I understand that the problem is that: 1. I need a set of spectral parameters $\{ \lambda_n \}$ 2. I need unique parameters. 
I don't understand:


*

*Is it using the N-1 coproduct to create that state?

*and if so, why is it not using a sum over n spin flipped rather than a product? A product doesn't make sense to me not even mathematically.

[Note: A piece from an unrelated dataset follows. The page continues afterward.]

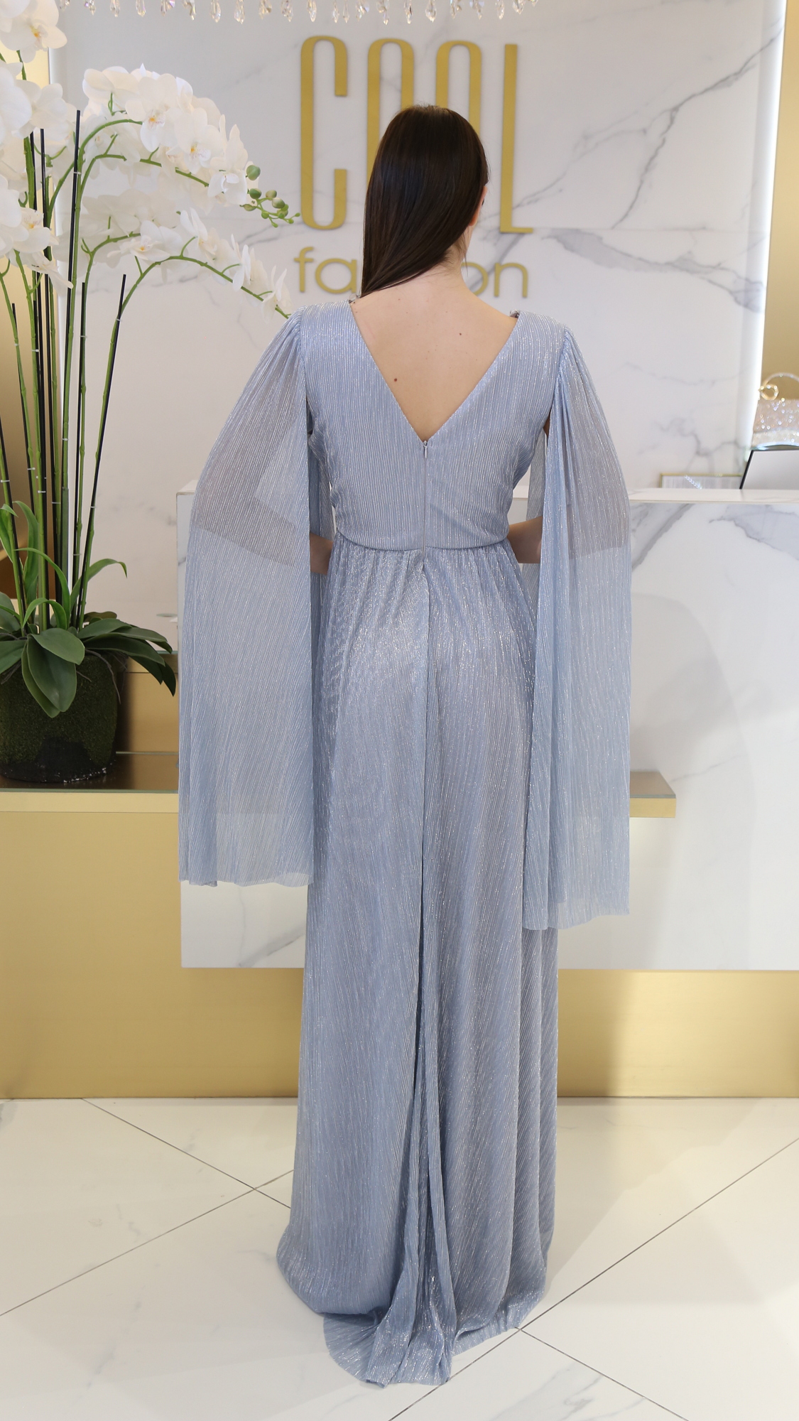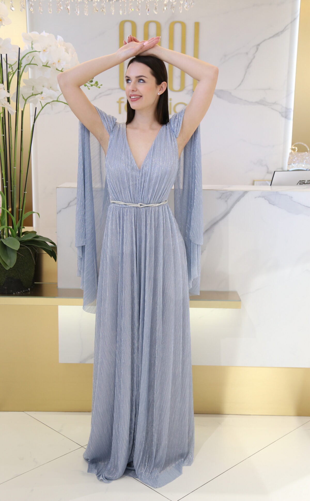 A Ferdina ruha minden részletében a nőiességet hangsúlyozza. A félvállas szabás és a lepel ujj játékosan vonzza a tekintetet, míg a csillogó anyag és a húzott kialakítás kiemeli az alakot. Szivacsos mellrészének köszönhetően extra tartást és kényelmet biztosít. Tökéletes választás bálokra vagy bármilyen különleges alkalomra, ahol ragyogni szeretnél.

*If it is NOT using the coproduct, when do I use the coproduct to obtain the right operator??
Thank you


 A: The coproduct increases the number of sites $N$ (the length of the chain), while the product of different $B$s increases the number of excitations (magnons) $M$. So each $B(\lambda_n)\equiv B^{(N)}(\lambda_n)=\Delta^{(N-1)} B(\lambda_n)$ creates one excitation with quasimomentum $p(\lambda_n)$. The coproduct does not change the parameter $\lambda_n$.
Graphically: as in that book draw $B$ by a horizontal line (auxiliary space) to which we attach $\lambda$, with one vertical line (local physical space) for each $N$, so that each crossing is an $R$-matrix, and fix the values of the spins on the endpoints of the horizontal line to get $B=T^0_1$ out of the monodromy matrix $T$. Then the coproduct increases the number of vertical lines by one, while taking a product of such $B$s for given $N$ corresponds adding a horizontal line with a new spectral parameter. In other words, the product corresponds to putting diagrams of $B$s on top of each other, each of with has its own auxiliary spectral parameter $\lambda_n$, which represents the composition of operators, corresponding to taking their matrix products.